Though such notions made him feel queasy, he managed to stumble over to his computer. Squinting through his compromised eye, he managed to discover that he was probably experiencing floaters. Just like the degrading ozone layer that protects the earth from the sun's rays, the protective gelatinous barrier of his own eyes was deteriorating. Thus light was being refracted in strange, debilitating ways his brain was struggling to process. Or else it was projecting shadows where none had previously existed. He flopped back against his chair with relief, that at least he wasn't playing host to some alien invasion. He knew floaters were not themselves threatening blindness or any more serious impairment.

But then he was struck with a wave of despondency. It still represented a decaying, a degeneration of his physical being. Another marker on the migration towards death. And everyday now, he would have reminders of putrefaction's flies hovering right in front of him where they could not be denied. The veil of permanent darkness was drawing in over him.

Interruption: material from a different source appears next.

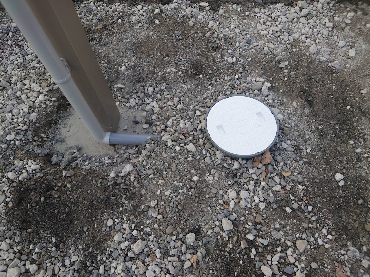 雨樋の先に雨水桝を設置して雨水を浸透させます。
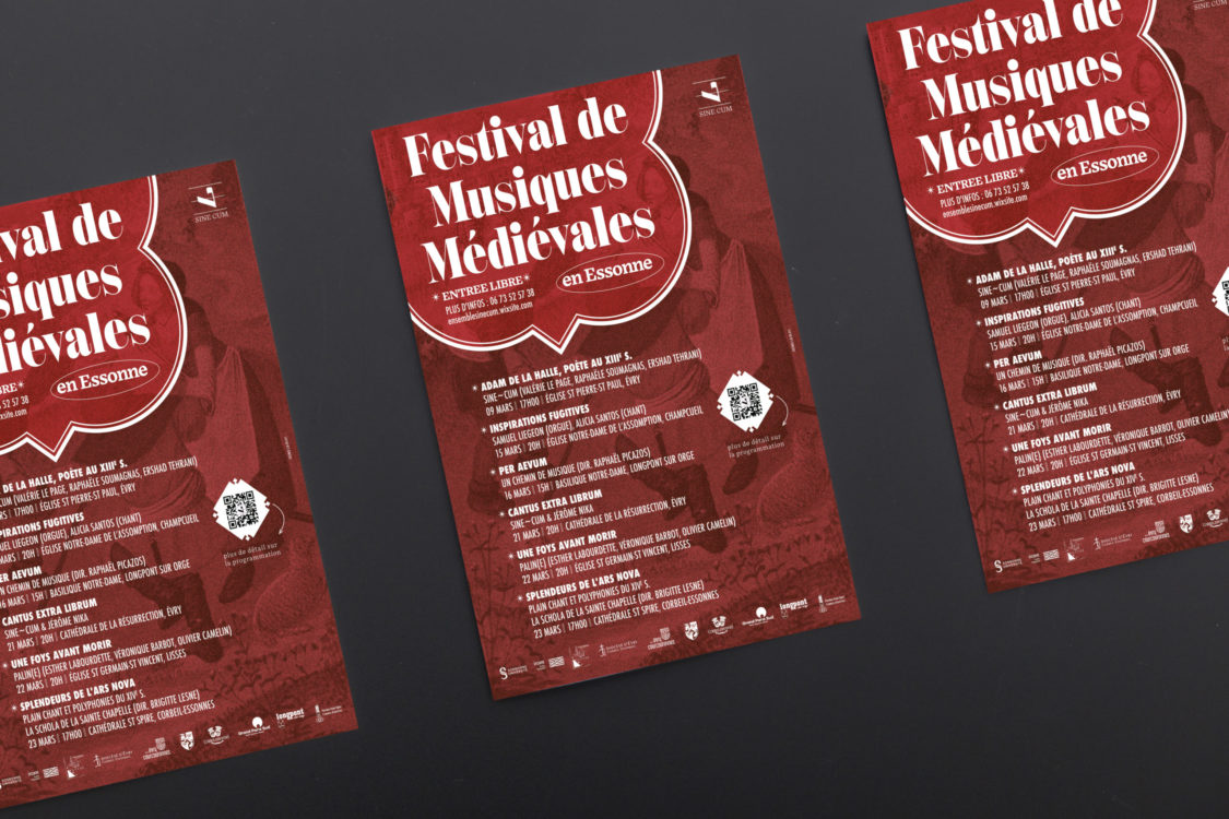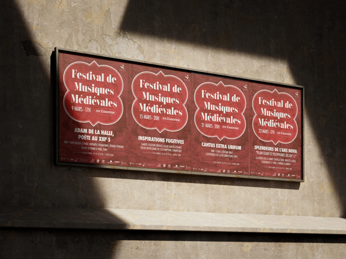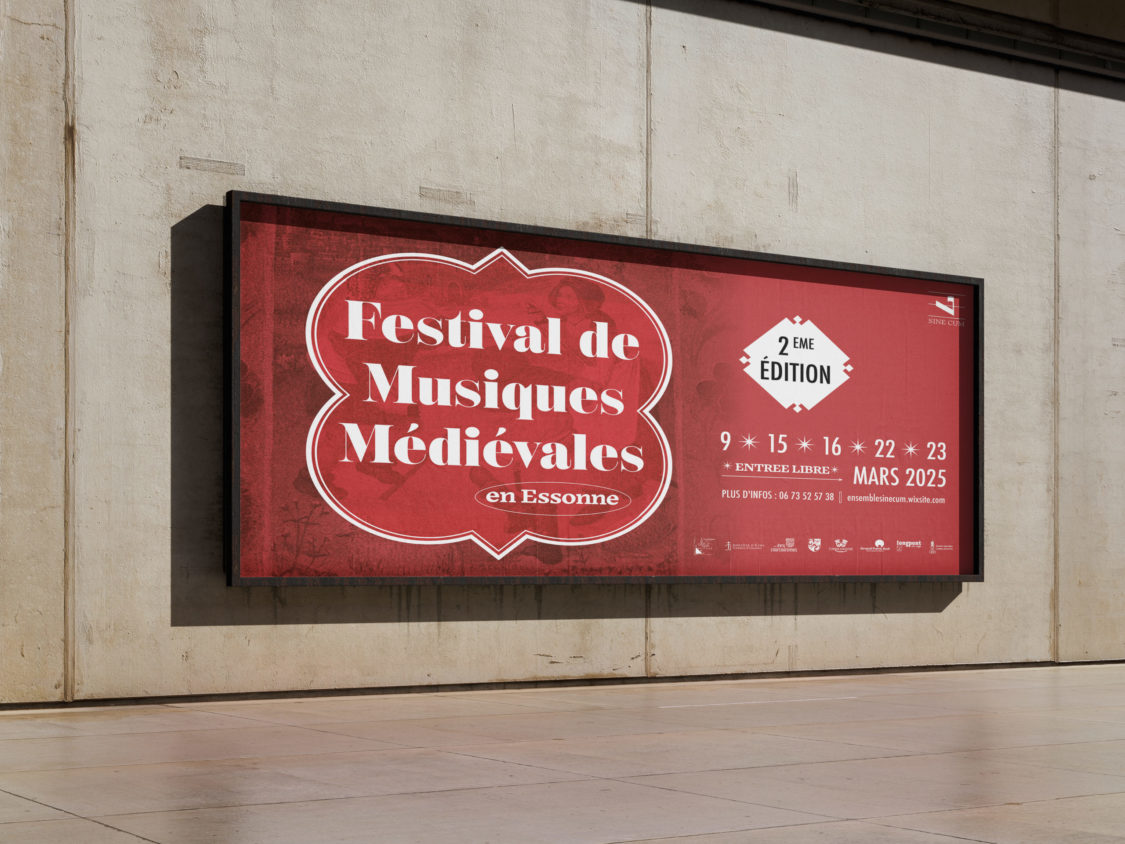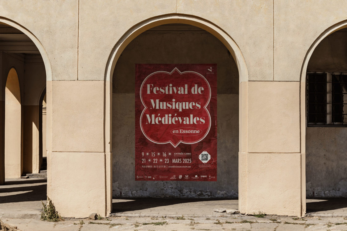 Conception de l’affiche et des déclinaisons de l’édition 2025, utilisation d’une iconographie fournit par le client et d’un langage graphique évoquant l’univers médiévale. Il avait aussi été demandé de créer une composition typographique à deux niveaux, une assez forte pour le titre et plus simple pour les informations pratiques.

Perhaps unsurprisingly this story was prompted by me waking up a couple of weeks ago and having these strange sensations appearing in my vision in my right eye. it took me a couple of days to figure out what they were and then I had to go get checked out that there was no retinal damage causing them, which it turned out there wasn't. This was merely a feature of aging and I haven't even reched 50 yet! 

Taken from my 4th published collection of flash fiction

Available from Amazon

7 comments:

Denise said...

I have floaters - have had them for quite a while. They can be irritating and annoying and distracting - once I become aware of them they are all I can see... As for the grey hair - mine has been going grey since my late teens ;-) Thank the lord for colour in a bottle...

Icy Sedgwick said...

I tend to get flecks of mascara in my eye and it chuffing well hurts, so I was right there with you throughout this. Filaments of cotton wool are just as bad - they're invisible!!!

Helen A. Howell said...

Floaters in the eye can be very distracting. I loved this line "He pressed his face right up close into his mirror and lifted his reptilian lid to scour for the troublesome detached cilium."

Kath said...

Oh, I get floaters in my eyes and they can be very distracting so I totally sympathise with both you and your narrator. I like the idea of being inhabited by some reptile though, shame the reality is slightly more mundane.

And I'm now going to give my glasses the soak in warm water and clean they've been crying out for. I was grossed out by your description of the nose pads until I checked my own!!

Li said...

I shouldn't be laughing, but I am! Mine first appeared a few months ago, and I was convinced that I was going blind or had a detached retina (which happened to my dad after a violent sneeze). The doctor soothed me by telling me that it was nothing serious, then followed it up with a description of a surgical procedure (for really bad cases) where they suck out the vitreous and replace it with saline. Something like that. Didn't catch the full explanation because I felt rather faint.

Chuck Allen said...

Changes in vision can be especially worrisome. We are at the part of Spring here where gnats fly into my eyes. It drives me crazy trying to get them out. Yuck!

Great story, though. :)

Katherine Hajer said...

I've been noticing floaters since I was a little kid -- but then, I've had appallingly bad eyesight since I was a little kid. This almost sounded like a cracked cornea plus floaters.